In this dissertation, we demonstrated that ascorbic acid is detectable in the human brain using a clinical 3T MR scanner, a standard PRESS sequence, and LCModel analysis. The accuracy of evaluating Asc concentration is reasonable compared with other metabolites. However, there are some conditions that apply to assure reliable vitamin C detection and quantification. The requirement on SNR is similar as for standard analysis of 1D MR spectra without an Asc basis included. The linewidth has to be sufficiently narrow in order to minimize overlapping effects between different metabolites. The limiting FWHM value of the spectra is between 0.043 and 0.076 ppm. Therefore, the average linewidth of in vivo spectrum acquired at 3T clinical scanners (on the order of 0.05 ppm) is sufficient but should not be significant exceeded.

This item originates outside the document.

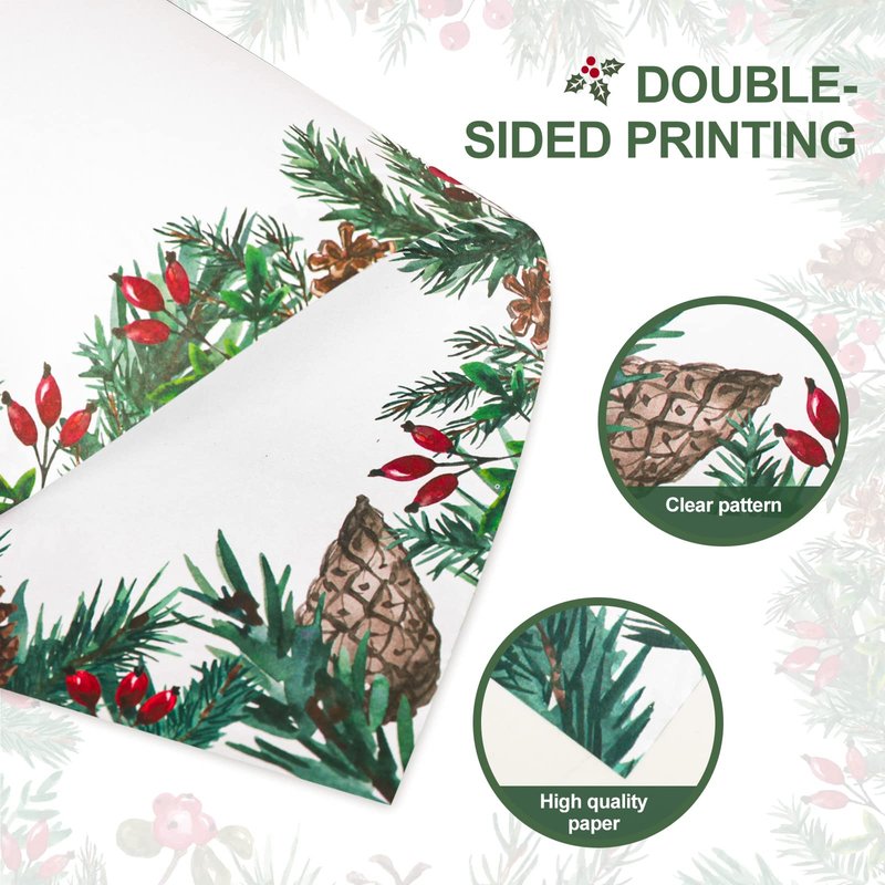 - FESTIVE DESIGNS: Patterned with pine, pine cone and red berries at 4 borders, rustic and delicate, great writing paper to give your warm greetings to your friends.

As it is possible to detect and quantify ascorbate using a PRESS sequence acquisition and LCModel analysis, these findings will most likely also apply to other standard short echo time MRS acquisition methods, for example, STEAM, as long as the above conditions are fulfilled. Moreover, it has been shown that the Asc basis
should be included into the LCModel basis to avoid an overestimation of Glx. Other metabolites, not included in standard spectroscopic analysis so far, might also be detectable using modern MR scanners. This may be worthy of further investigation.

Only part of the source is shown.